An ESP32/ESP8266/Arduino library for Arduino IDE to wrap AES encryption with Base64 support. This project is originally based on AESLib by kakopappa. This fork actually works, will be maintained at least for a while, and provides optimized methods that do not require using Arduino's flawed String objects (even though those are still in examples).
AESLib provides convenience methods for encrypting data to byte arrays and Strings, with optional additional base64 encoding to return strings instead of bare data.

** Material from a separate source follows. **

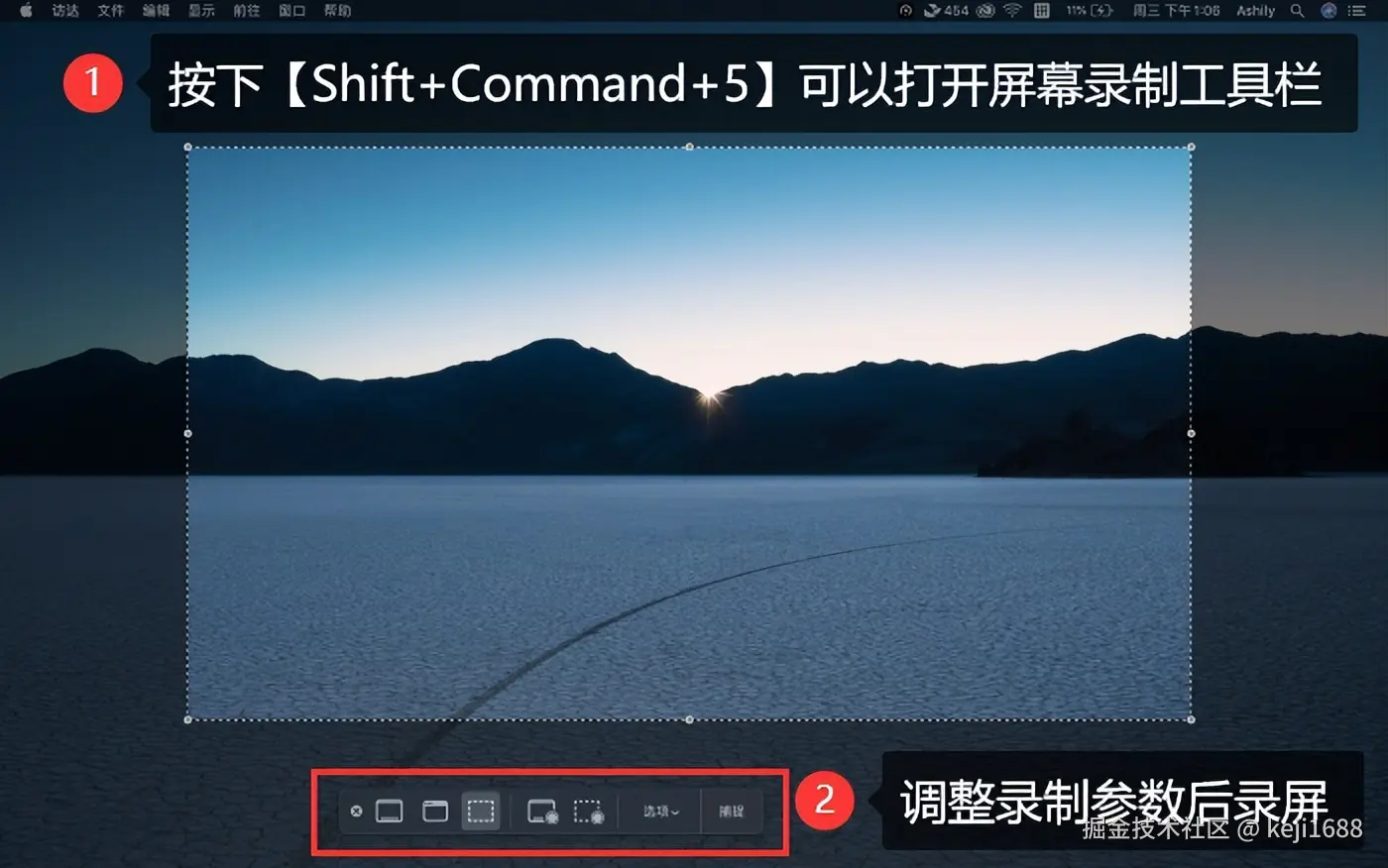 步骤1:在键盘上按下 【Shift+Command+5】 组合键。在工具栏中选择全屏录制、选定区域录制或摄像头录制。
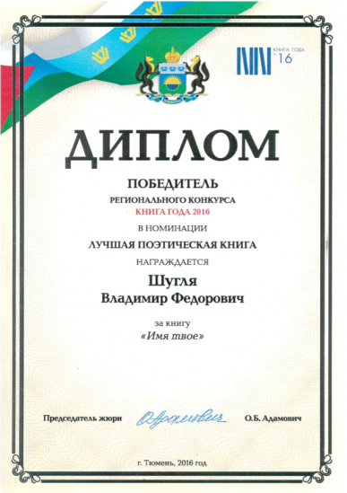Благодарим Вас и читателей поэзии члена Общественной палаты Российской Федерации от Тюменской области, Председателя ТООО «Союз – интеграция братских народов» Владимира Шугли за участие в голосовании в социальных сетях за книги Владимира Федоровича в связи с проводившимся Тюменской областной научной библиотекой имени Д.И.Менделеева литературным конкурсом «Книга года – 2016».

In future this should use AES implementation from BearSSL, when available (to save more RAM in larger projects).
1.0.4 - fixed simple example
1.0.3 - fixed padding (after encoding, not before)
#include "AESLib.h"
AESLib aesLib;
int loopcount = 0;
char cleartext[256];
char ciphertext[512];
// AES Encryption Key
byte aes_key[] = { 0x15, 0x2B, 0x7E, 0x16, 0x28, 0xAE, 0xD2, 0xA6, 0xAB, 0xF7, 0x15, 0x88, 0x09, 0xCF, 0x4F, 0x3C };
// General initialization vector (you must use your own IV's in production for full security!!!)
byte aes_iv[N_BLOCK] = { 0, 0, 0, 0, 0, 0, 0, 0, 0, 0, 0, 0, 0, 0, 0, 0 };
// Generate IV (once)
void aes_init() {
aesLib.gen_iv(aes_iv);
// workaround for incorrect B64 functionality on first run...
encrypt("HELLO WORLD!", aes_iv);
}
String encrypt(char * msg, byte iv[]) {
int msgLen = strlen(msg);
char encrypted[2 * msgLen];
aesLib.encrypt64(msg, encrypted, aes_key, iv);
return String(encrypted);
}
String decrypt(char * msg, byte iv[]) {
unsigned long ms = micros();
int msgLen = strlen(msg);
char decrypted[msgLen]; // half may be enough
aesLib.decrypt64(msg, decrypted, aes_key, iv);
return String(decrypted);
}
void setup() {
Serial.begin(115200);
aes_init();
}
void loop() {
loopcount++;
sprintf(cleartext, "START; %i \n", loopcount);
// Encrypt
byte enc_iv[N_BLOCK] = { 0, 0, 0, 0, 0, 0, 0, 0, 0, 0, 0, 0, 0, 0, 0, 0 }; // iv_block gets written to, provide own fresh copy...
String encrypted = encrypt(cleartext, enc_iv);
sprintf(ciphertext, "%s", encrypted.c_str());
Serial.print("Ciphertext: ");
Serial.println(encrypted);
// Decrypt
byte dec_iv[N_BLOCK] = { 0, 0, 0, 0, 0, 0, 0, 0, 0, 0, 0, 0, 0, 0, 0, 0 }; // iv_block gets written to, provide own fresh copy...
String decrypted = decrypt(ciphertext, dec_iv);
Serial.print("Cleartext: ");
Serial.println(decrypted);
delay(500);
}
Requires node.js and npm.
Enter the nodejs folder in Terminal and install required npm packages with npm install . command.
You can run the example with node index.js as you know it, and then dig into the source code to adjust for your purposes.
// Setup CryptoJS
var CryptoJS = require("crypto-js");
var esp8266_msg = 'ei6NxsBeWk7hj41eia3S0Od26goTtxHvwO6V27LwSW4='; // = "START; 380"
var esp8266_iv = 'AAAAAAAAAAAAAAAAAAAAAA==';
var AESKey = '2B7E151628AED2A6ABF7158809CF4F3C';
var plain_iv = new Buffer(esp8266_iv, 'base64').toString('hex');
var iv = CryptoJS.enc.Hex.parse(plain_iv);
var key = CryptoJS.enc.Hex.parse(AESKey);
// Decrypt
var bytes = CryptoJS.AES.decrypt( esp8266_msg, key, { iv: iv } );
var plaintext = bytes.toString(CryptoJS.enc.Base64);
var decoded_b64msg = new Buffer(plaintext, 'base64').toString('ascii');
var decoded_msg = new Buffer(decoded_b64msg, 'base64').toString('ascii');
console.log("Decrypted message: ", decoded_msg);
This is an AES library for the Arduino, based on tzikis's AES library, was previously here. Tzikis library was based on scottmac's library, which was previously here, but now seems to be removed.